**Data to use**
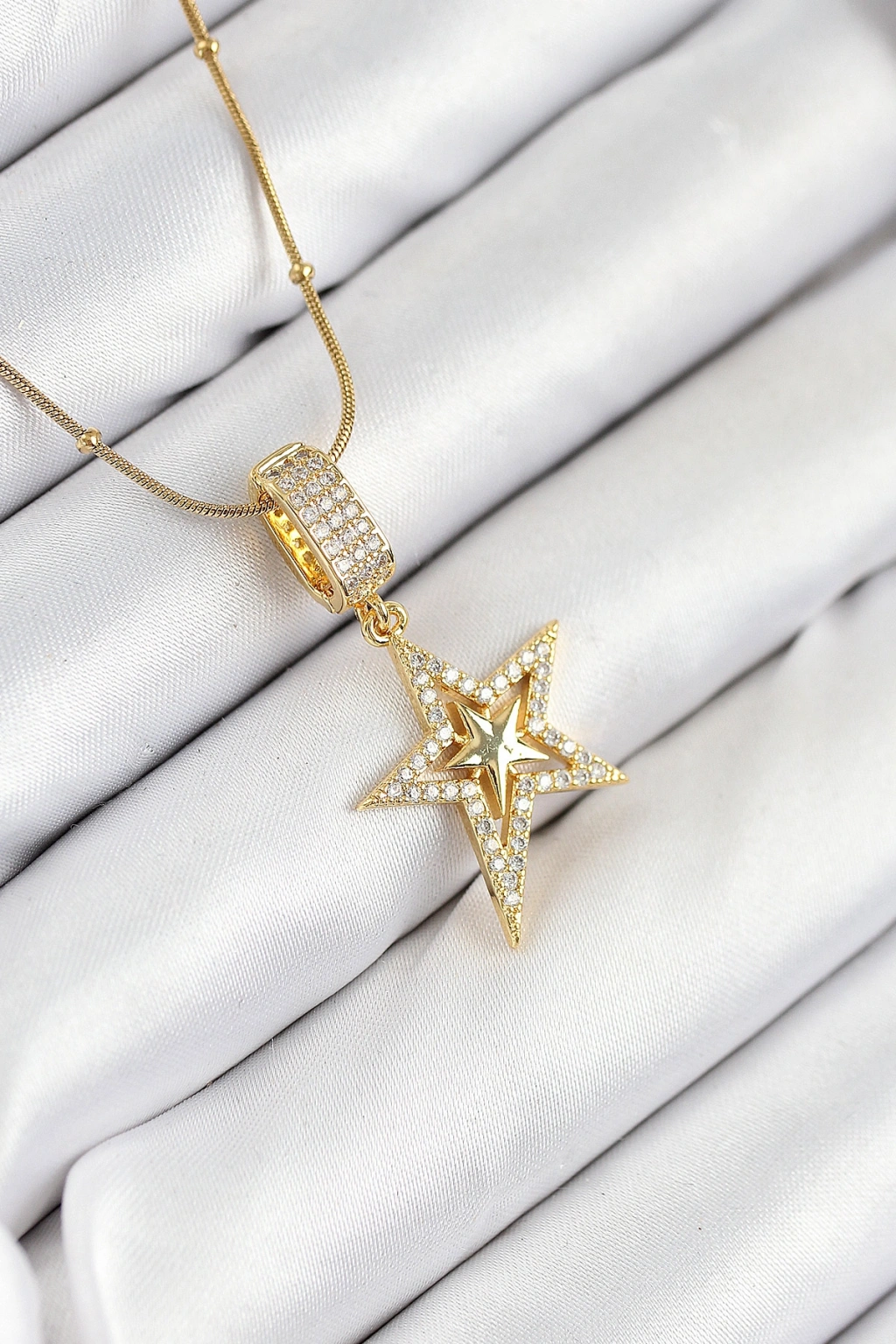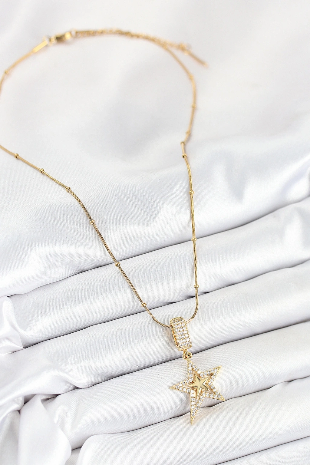 316L Çelik Zincir Gümüş Renk Zirkon Taşlı Tasarım Altın Renk Yıldız Kolye
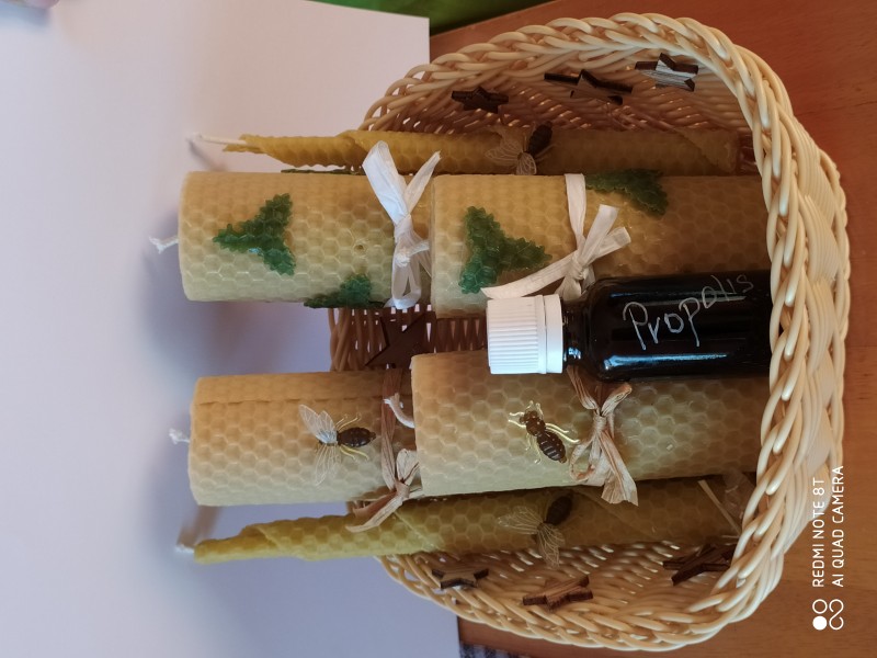 1.balíček - sviečky v tvare ihlan, úľ, kocka, macko, anjel, stredná točená sviečka, tenká točená sviečka, propolisová tinktúra, orechy v mede veľké, peľ v mede malý = 30€
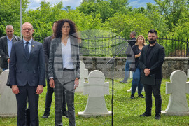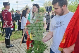 И днес на българското военно гробище край Ново село пристигнаха много хора, а отбелязването започна с химните на България, Република Северна Македония и химна на Европа, изпълнени от оркестъра на Националното музикално училище "Любомир Пипков" в София.
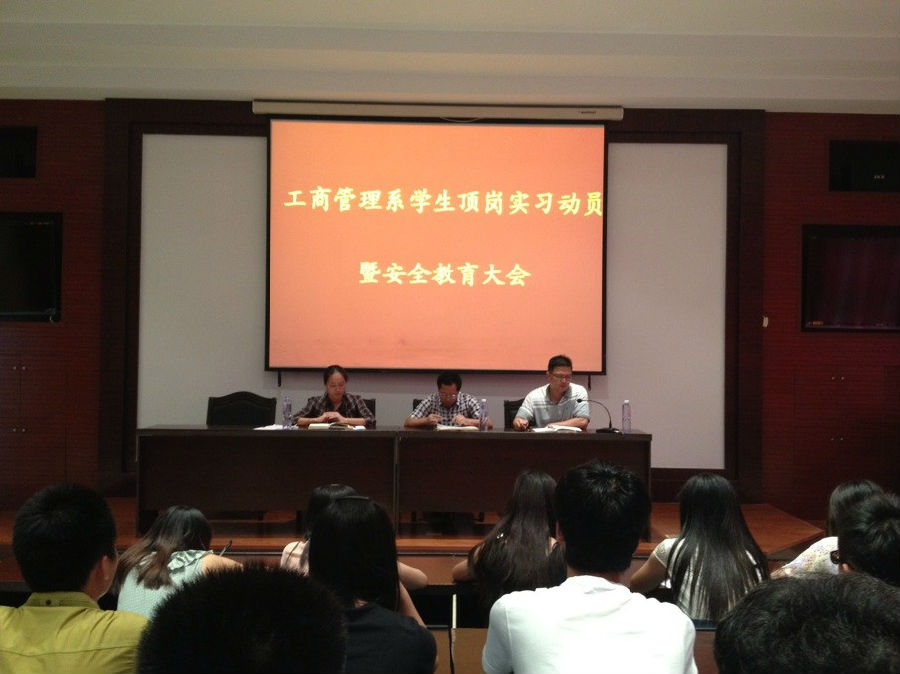 2013年7月26日下午3点,我系于图书馆学术报告厅召开“工商管理系学生顶岗实习动员暨安全教育大会”。参加这次会议的有:蔡元忠主任、陈凯书记、方丰霞副主任、洪慧贞辅导员以及参与本次实习的16位同学。
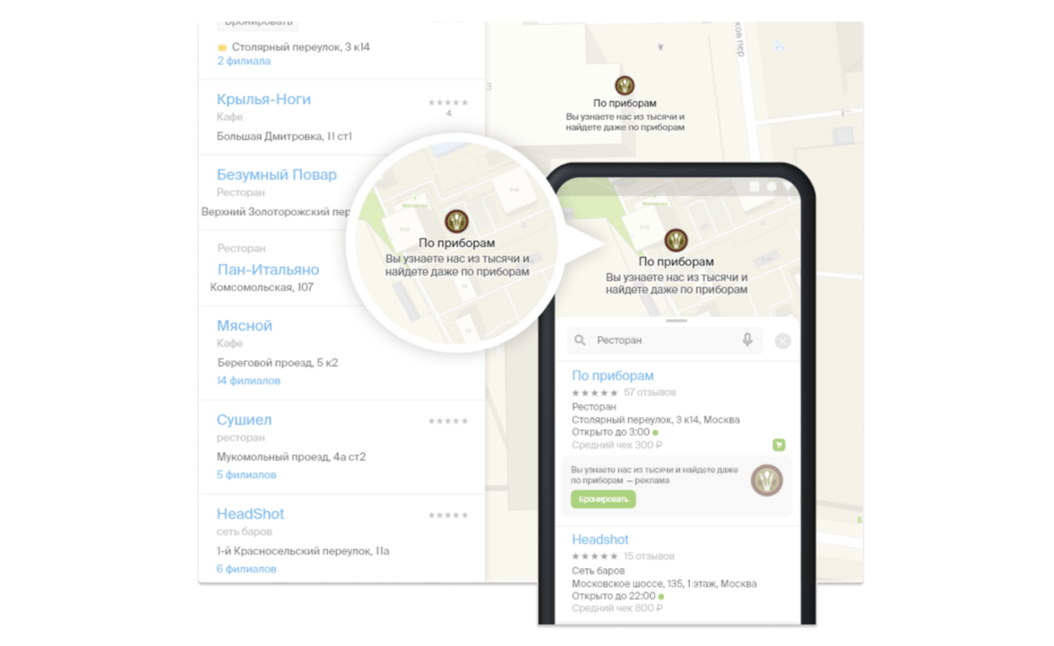Ритейл. Площадками пользуется широкая аудитория, поэтому сервисы позволяют эффективно рекламировать продукты и услуги, запускать акции и предлагать скидки. Кроме того, человек сразу понимает, где находится компания и как до нее добраться.
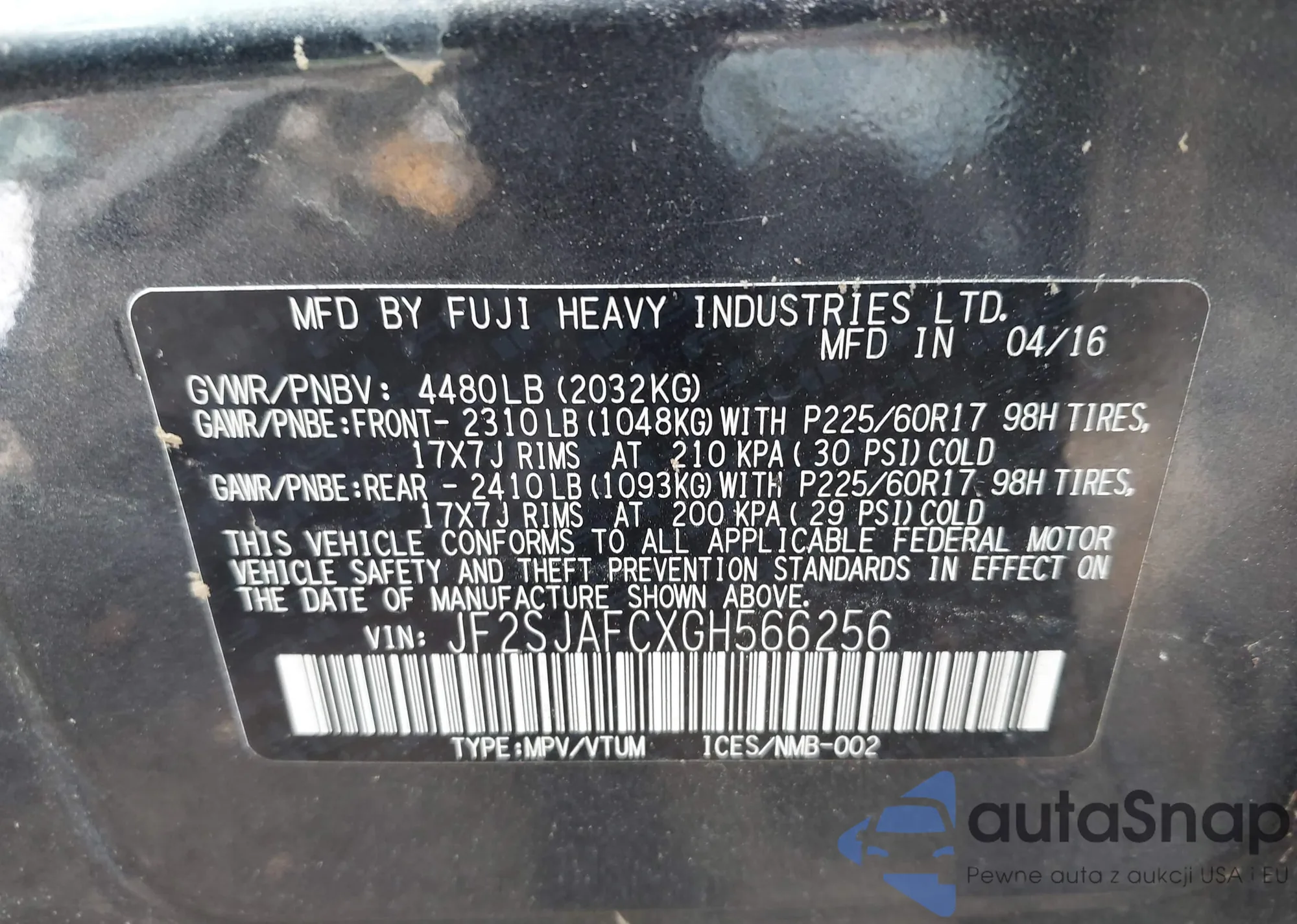 • VIN 5FNYF4H59DB041047
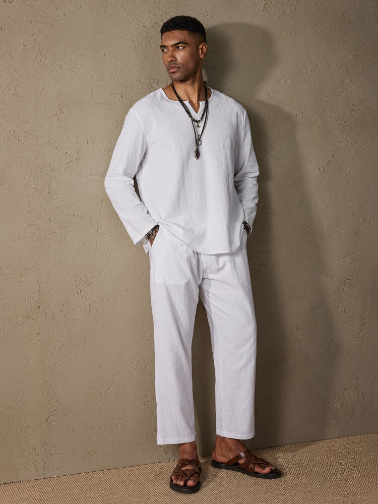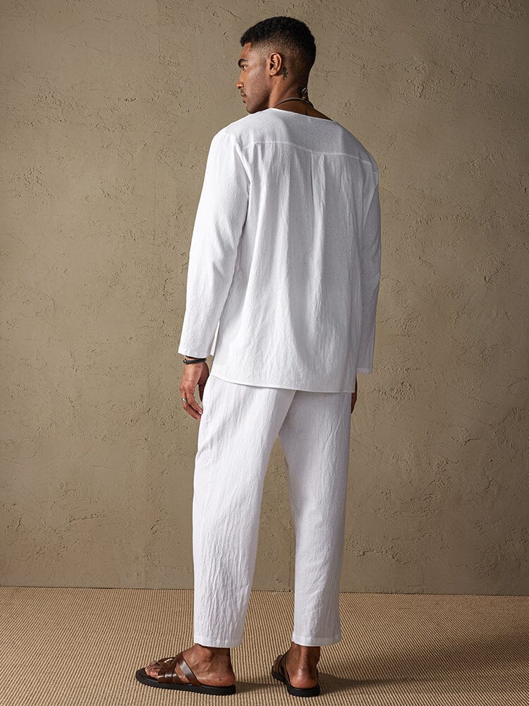 Cozy Solid Cotton and Linen Shirt Set

**Activity**
Copy exactly, and only, the lines from the first entry through the line holding "2013年7月26日下午3点", both ends included, leaving out every picture.

**Exercise result**
 316L Çelik Zincir Gümüş Renk Zirkon Taşlı Tasarım Altın Renk Yıldız Kolye
 1.balíček - sviečky v tvare ihlan, úľ, kocka, macko, anjel, stredná točená sviečka, tenká točená sviečka, propolisová tinktúra, orechy v mede veľké, peľ v mede malý = 30€
 И днес на българското военно гробище край Ново село пристигнаха много хора, а отбелязването започна с химните на България, Република Северна Македония и химна на Европа, изпълнени от оркестъра на Националното музикално училище "Любомир Пипков" в София.
 2013年7月26日下午3点,我系于图书馆学术报告厅召开“工商管理系学生顶岗实习动员暨安全教育大会”。参加这次会议的有:蔡元忠主任、陈凯书记、方丰霞副主任、洪慧贞辅导员以及参与本次实习的16位同学。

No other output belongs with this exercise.